Once the jobs are complete you can combine the results using hadd_cafana. This behaves exactly the same as regular hadd, except it can handle the TObjString contents in CAFAna output files that cause regular hadd problems. In particular, all it does is sum the various histograms, so you can only combine things where that does something sensible. This is true for regular Spectrum objects, and for PredictionNoExtrap. It's not true right now for e.g. MichelDecomp, but in general these problems can be resolved by changes in the serialization format of unsuitable classes.

Tips

  1. Make sure to run your hadd_cafana command on a BlueArc disk (preferably /nova/ana/users/$USER/...). Avoid using dCache (/pnfs/nova/...).

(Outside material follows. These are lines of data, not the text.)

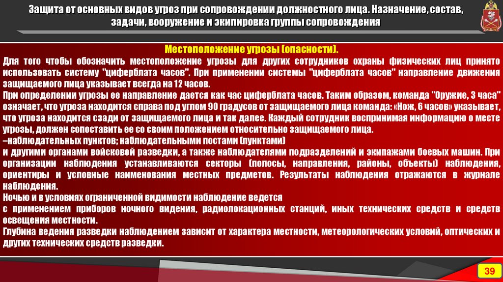 означает, что угроза находится справа под углом 90 градусов от защищаемого лица команда: «Нож, 6 часов» указывает,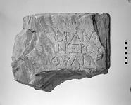 | Description: | Fragment from upper right hand corner of inscribed block. Right side worked smooth, and rough picked top preserved. Around the inscribed surface a narrow border. Dedication to Trajan. The end of three lines of the inscription preserved, and of the top part of a fourth. Hymettian marble. | |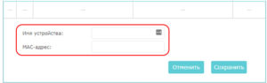 Клиент вводит имя оборудования, по которому его будет идентифицировать «операционка» роутера Archer AC1350. Оно может быть произвольным, так как несет только справочную информацию. В следующей строке вводим физический адрес устройства, которому будет разрешен доступ к сети роутера C60. После нажатия «Сохранить» оно добавится к «белому» списку.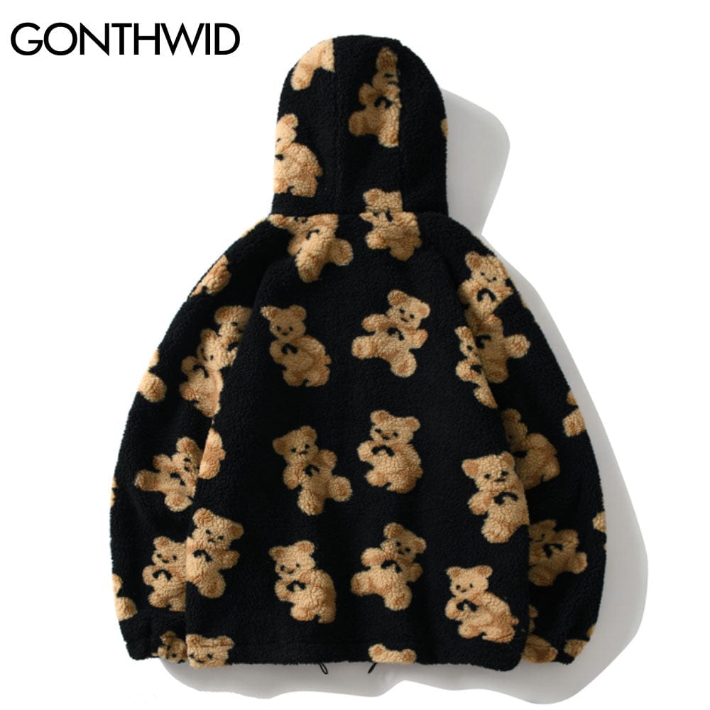 Pattern: Bear vintage streetwear loose coat bomber warm jacket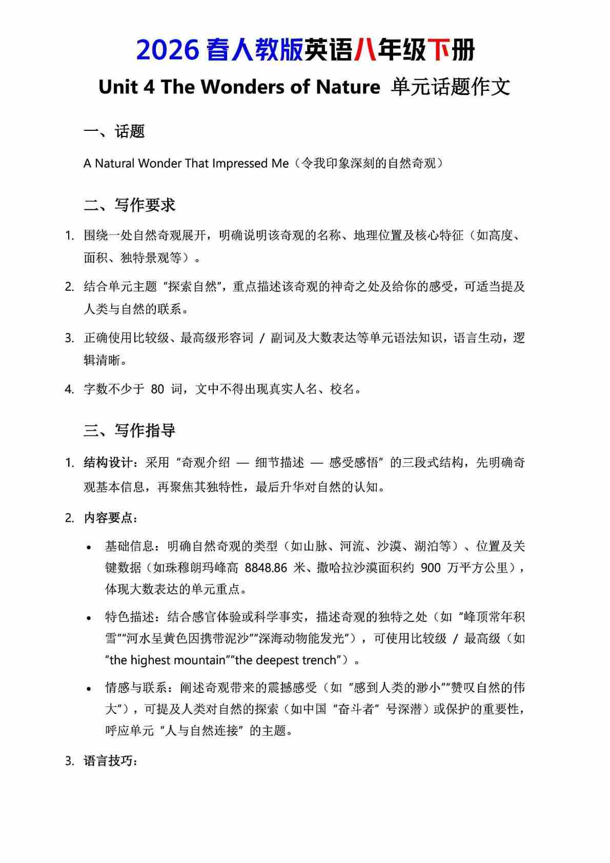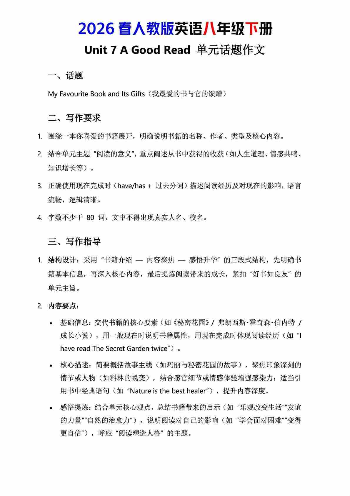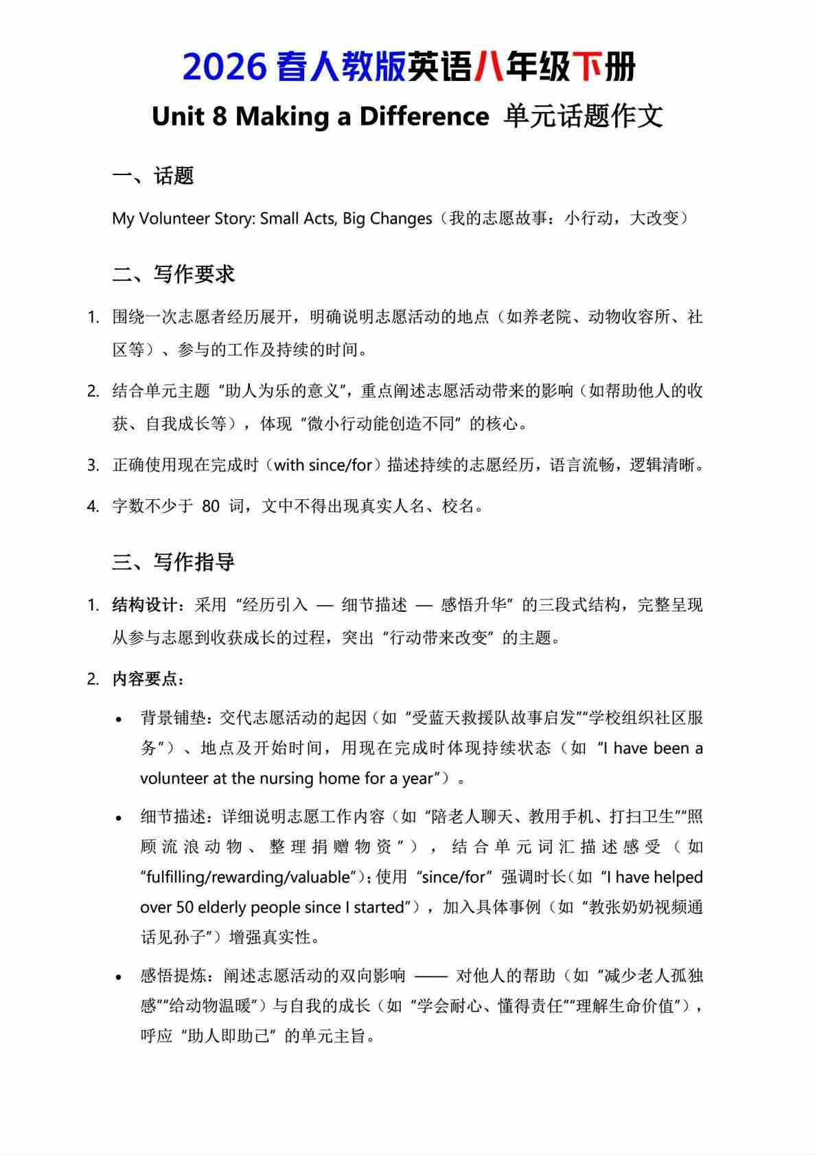 人教版八年级下册英语第八单元作文写作点拨与范文指导

  2. If combining 1000 files, it is more efficient to run 10 incantations of hadd_cafana over a reasonable number of files (O100), and then combining them, versus running a single command over all 1000 files. This is because of a restriction on the number of simultaneous disk access requests allowed on dCache. Coding a simple bash/python script to do this shouldn't be too difficult.
  3. You can hadd_cafana over files in pnfs with
    hadd_cafana out.root `pnfs2xrootd /pnfs/.../in*.root`
    
  4. To view your log files, cat doesn't work from pnfs, but you can dccp the file to stdout, which has the same effect
    dccp /pnfs/.../log.txt -